Dataset:
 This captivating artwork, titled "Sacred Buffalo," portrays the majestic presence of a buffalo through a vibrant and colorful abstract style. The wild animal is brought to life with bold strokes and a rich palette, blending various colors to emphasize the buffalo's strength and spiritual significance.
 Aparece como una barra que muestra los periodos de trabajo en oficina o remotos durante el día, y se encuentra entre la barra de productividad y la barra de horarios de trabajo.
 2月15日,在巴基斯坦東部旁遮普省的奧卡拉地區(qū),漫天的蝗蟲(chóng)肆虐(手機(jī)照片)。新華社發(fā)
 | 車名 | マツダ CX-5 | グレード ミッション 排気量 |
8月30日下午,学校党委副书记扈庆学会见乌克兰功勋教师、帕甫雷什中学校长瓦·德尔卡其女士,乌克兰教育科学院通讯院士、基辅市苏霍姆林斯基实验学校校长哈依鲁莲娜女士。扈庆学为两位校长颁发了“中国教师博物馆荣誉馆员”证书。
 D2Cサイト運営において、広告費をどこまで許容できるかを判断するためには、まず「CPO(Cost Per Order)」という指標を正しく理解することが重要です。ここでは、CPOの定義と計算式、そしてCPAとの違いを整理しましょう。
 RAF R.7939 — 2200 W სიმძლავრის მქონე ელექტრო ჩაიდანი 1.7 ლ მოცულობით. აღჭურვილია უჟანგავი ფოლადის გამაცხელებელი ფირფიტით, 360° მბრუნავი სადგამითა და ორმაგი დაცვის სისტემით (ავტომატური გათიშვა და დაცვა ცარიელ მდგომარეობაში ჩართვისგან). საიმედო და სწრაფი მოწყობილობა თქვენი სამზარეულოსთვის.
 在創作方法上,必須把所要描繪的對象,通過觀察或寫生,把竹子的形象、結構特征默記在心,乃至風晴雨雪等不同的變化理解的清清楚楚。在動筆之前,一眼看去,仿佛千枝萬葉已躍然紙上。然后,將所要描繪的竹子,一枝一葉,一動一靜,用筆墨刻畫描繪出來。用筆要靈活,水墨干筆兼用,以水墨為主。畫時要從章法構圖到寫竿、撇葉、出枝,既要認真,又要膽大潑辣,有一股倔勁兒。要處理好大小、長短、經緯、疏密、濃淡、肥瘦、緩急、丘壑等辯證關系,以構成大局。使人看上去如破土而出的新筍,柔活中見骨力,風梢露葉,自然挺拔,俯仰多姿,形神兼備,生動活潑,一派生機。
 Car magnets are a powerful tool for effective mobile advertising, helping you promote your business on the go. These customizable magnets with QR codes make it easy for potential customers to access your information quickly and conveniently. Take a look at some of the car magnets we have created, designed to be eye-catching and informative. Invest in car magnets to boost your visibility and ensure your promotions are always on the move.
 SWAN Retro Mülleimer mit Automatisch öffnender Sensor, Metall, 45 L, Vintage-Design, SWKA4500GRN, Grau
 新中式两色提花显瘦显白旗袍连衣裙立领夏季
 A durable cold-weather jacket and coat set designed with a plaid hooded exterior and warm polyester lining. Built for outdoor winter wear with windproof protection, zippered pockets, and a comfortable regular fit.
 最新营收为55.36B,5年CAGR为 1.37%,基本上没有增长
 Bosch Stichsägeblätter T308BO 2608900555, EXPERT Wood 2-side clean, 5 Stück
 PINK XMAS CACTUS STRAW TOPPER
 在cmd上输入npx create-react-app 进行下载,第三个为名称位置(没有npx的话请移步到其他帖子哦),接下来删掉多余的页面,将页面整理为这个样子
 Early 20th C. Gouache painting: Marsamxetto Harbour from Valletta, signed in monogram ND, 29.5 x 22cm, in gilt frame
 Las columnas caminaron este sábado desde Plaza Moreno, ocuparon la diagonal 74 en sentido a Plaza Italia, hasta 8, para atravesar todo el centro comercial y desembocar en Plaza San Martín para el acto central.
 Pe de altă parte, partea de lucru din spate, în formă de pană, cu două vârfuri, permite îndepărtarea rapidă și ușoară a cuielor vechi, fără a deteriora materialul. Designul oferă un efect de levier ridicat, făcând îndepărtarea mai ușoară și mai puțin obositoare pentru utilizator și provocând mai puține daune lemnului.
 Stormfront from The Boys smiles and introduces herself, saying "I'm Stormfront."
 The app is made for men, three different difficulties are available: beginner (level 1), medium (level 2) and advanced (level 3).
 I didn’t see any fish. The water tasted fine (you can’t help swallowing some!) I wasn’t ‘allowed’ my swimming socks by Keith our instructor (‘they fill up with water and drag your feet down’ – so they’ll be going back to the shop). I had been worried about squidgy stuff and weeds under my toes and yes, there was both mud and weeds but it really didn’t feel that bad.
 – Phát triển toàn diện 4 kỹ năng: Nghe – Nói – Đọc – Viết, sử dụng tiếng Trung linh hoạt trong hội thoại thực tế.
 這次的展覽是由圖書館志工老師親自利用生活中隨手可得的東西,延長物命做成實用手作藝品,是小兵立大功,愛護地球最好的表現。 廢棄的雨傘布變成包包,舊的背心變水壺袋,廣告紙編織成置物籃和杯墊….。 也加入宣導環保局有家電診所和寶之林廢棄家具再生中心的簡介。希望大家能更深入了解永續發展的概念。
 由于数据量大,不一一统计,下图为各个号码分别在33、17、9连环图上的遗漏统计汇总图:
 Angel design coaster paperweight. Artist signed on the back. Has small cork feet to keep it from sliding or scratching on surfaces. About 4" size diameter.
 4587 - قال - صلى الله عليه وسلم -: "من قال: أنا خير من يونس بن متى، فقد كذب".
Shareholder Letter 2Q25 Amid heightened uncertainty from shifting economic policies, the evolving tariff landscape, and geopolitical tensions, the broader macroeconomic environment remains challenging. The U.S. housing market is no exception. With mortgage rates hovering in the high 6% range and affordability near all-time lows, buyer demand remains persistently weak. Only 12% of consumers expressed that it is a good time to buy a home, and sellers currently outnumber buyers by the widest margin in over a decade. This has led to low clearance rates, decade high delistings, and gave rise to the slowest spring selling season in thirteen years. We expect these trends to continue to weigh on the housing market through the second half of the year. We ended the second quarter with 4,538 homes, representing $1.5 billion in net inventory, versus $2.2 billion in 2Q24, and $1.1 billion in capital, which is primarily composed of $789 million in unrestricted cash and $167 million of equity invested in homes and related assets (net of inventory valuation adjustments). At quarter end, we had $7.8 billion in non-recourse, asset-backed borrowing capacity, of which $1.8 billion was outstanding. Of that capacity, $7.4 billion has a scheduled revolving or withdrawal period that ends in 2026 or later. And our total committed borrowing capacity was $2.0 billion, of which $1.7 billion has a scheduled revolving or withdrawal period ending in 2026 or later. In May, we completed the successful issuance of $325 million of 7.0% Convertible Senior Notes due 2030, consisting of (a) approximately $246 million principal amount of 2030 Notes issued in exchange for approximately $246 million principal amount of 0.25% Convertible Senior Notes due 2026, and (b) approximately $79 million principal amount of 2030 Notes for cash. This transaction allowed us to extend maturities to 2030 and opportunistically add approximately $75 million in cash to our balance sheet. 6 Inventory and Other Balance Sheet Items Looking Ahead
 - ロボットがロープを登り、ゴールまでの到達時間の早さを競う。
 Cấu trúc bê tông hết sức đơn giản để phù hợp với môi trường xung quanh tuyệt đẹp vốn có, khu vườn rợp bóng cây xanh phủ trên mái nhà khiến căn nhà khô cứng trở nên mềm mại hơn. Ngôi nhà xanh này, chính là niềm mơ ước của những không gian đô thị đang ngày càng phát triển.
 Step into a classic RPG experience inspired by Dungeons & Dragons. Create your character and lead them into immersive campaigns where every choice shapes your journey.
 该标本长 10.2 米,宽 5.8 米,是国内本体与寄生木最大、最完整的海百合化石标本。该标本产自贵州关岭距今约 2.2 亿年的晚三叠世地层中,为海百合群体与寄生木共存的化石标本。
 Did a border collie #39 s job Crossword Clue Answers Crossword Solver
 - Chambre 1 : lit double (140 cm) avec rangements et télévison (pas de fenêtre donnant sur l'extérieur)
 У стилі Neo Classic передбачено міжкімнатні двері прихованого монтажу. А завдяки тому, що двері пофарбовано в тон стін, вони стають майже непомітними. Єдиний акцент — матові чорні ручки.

Work instructions: In the entries above, find the line with "RAF R.7939 —" and the line with "新中式两色提花显瘦显白旗袍连衣裙立领夏季", then restate word for word both of them and every line between, with nothing more.

Completed task:
 RAF R.7939 — 2200 W სიმძლავრის მქონე ელექტრო ჩაიდანი 1.7 ლ მოცულობით. აღჭურვილია უჟანგავი ფოლადის გამაცხელებელი ფირფიტით, 360° მბრუნავი სადგამითა და ორმაგი დაცვის სისტემით (ავტომატური გათიშვა და დაცვა ცარიელ მდგომარეობაში ჩართვისგან). საიმედო და სწრაფი მოწყობილობა თქვენი სამზარეულოსთვის.
 在創作方法上,必須把所要描繪的對象,通過觀察或寫生,把竹子的形象、結構特征默記在心,乃至風晴雨雪等不同的變化理解的清清楚楚。在動筆之前,一眼看去,仿佛千枝萬葉已躍然紙上。然后,將所要描繪的竹子,一枝一葉,一動一靜,用筆墨刻畫描繪出來。用筆要靈活,水墨干筆兼用,以水墨為主。畫時要從章法構圖到寫竿、撇葉、出枝,既要認真,又要膽大潑辣,有一股倔勁兒。要處理好大小、長短、經緯、疏密、濃淡、肥瘦、緩急、丘壑等辯證關系,以構成大局。使人看上去如破土而出的新筍,柔活中見骨力,風梢露葉,自然挺拔,俯仰多姿,形神兼備,生動活潑,一派生機。
 Car magnets are a powerful tool for effective mobile advertising, helping you promote your business on the go. These customizable magnets with QR codes make it easy for potential customers to access your information quickly and conveniently. Take a look at some of the car magnets we have created, designed to be eye-catching and informative. Invest in car magnets to boost your visibility and ensure your promotions are always on the move.
 SWAN Retro Mülleimer mit Automatisch öffnender Sensor, Metall, 45 L, Vintage-Design, SWKA4500GRN, Grau
 新中式两色提花显瘦显白旗袍连衣裙立领夏季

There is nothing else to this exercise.